Mina shook her head. It hadn't occurred to her.

“Your trunk was too tiny for the cans and you left them on the back seat. Remember you stopped for gas, your father went inside to pay, and you tried to call me? It gave me just enough time to swap the film.”

“You switched the cans and I didn't notice? You're saying I pulled a gun on my father over a fake?”

“You did it for Kino. Just like I knew you would. It was noble. We did it, Mina.”

“You son of a bitch.”

“Exactly,” Penny said.

Mina was still processing this. “You manipulated me and–wait.
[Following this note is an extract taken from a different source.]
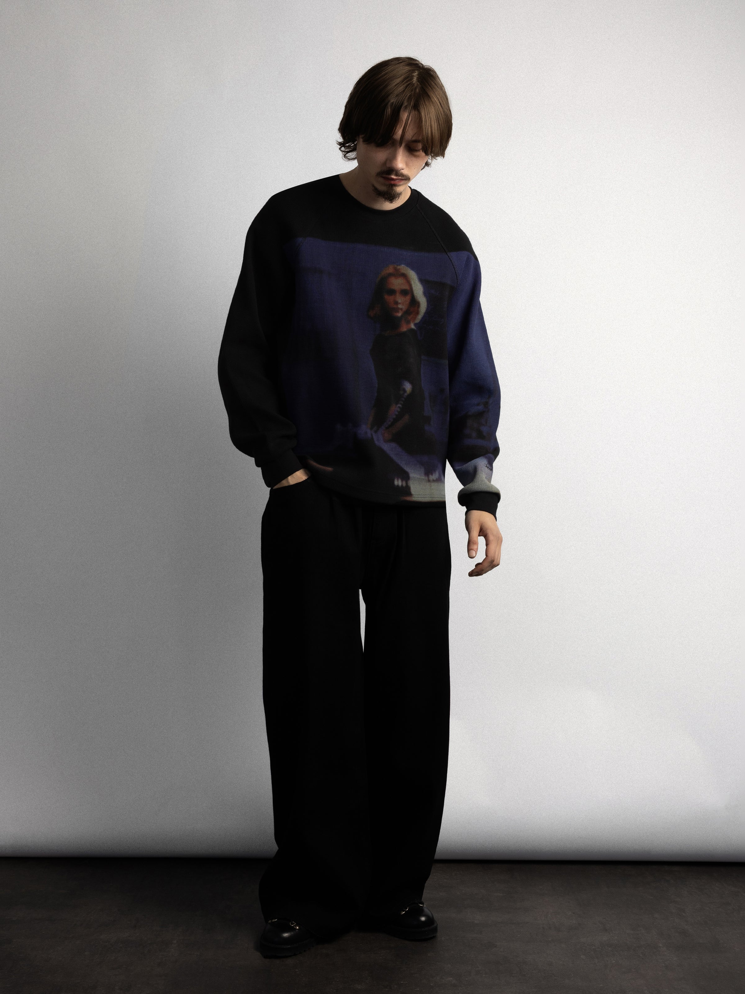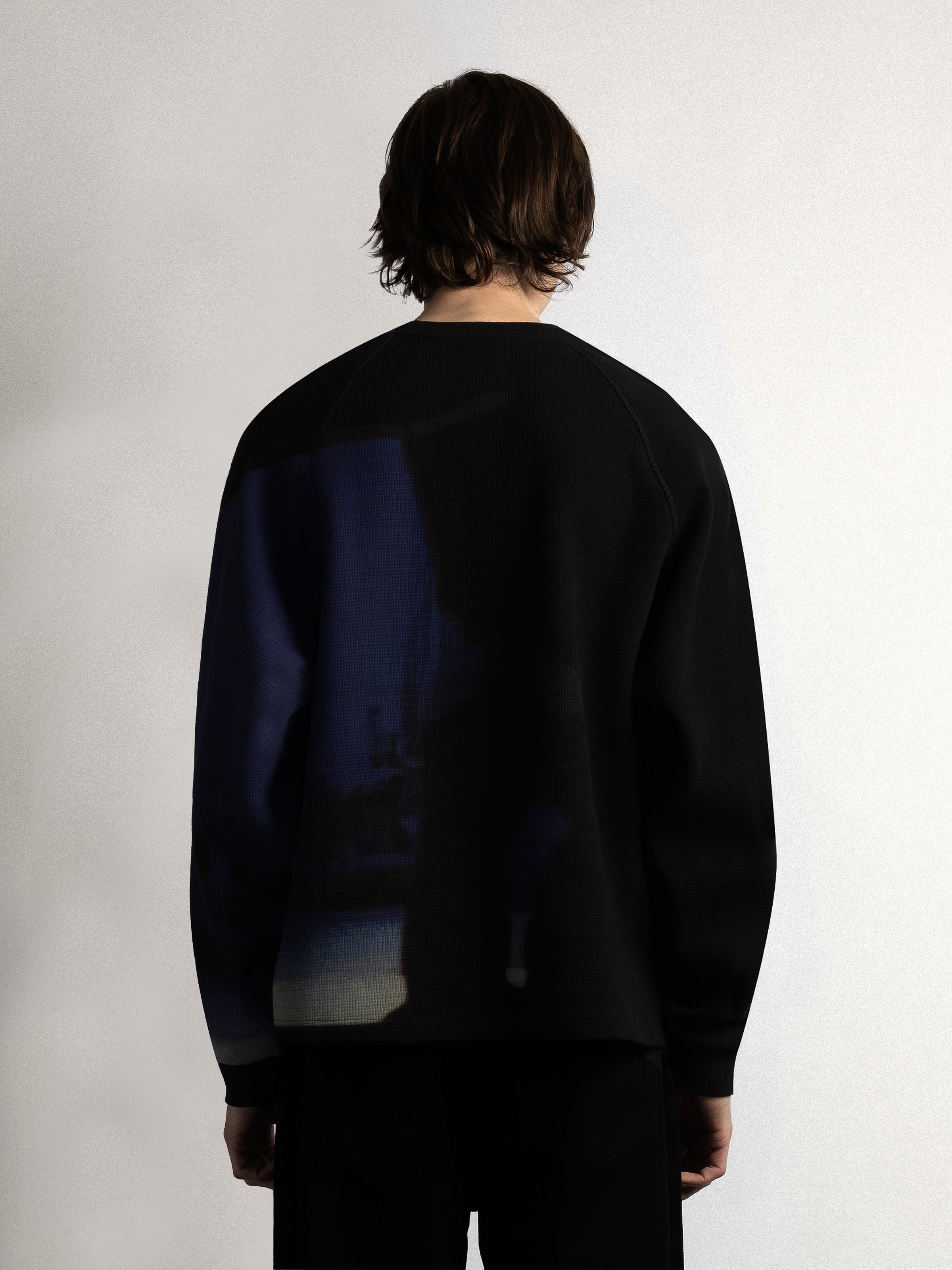 The Confession Thermal Sweat is made from a 450gsm super-heavy cotton waffle fabric with an off centre displaced print.

You have
Twenty-Twelve?”

“Well.” Jupp grimaced. “For a professional, Botha did a terrible job storing the film. I spent the last three weeks in Berlin, with your friend Dr. Broddenbuck. We've been able to salvage only fragments.”

“You saw Dr. Hanno?”

“He happens to be a very talented digital restorator. His DVD transfer of
Tulpendiebe
is outstanding. He hid a digital master from Katz's goons, and we transferred the other movies on museum equipment. Most of the films look great, but
Twenty-Twelve
is in bad shape. It just sat in the humidity of Botha's attic and rotted away.”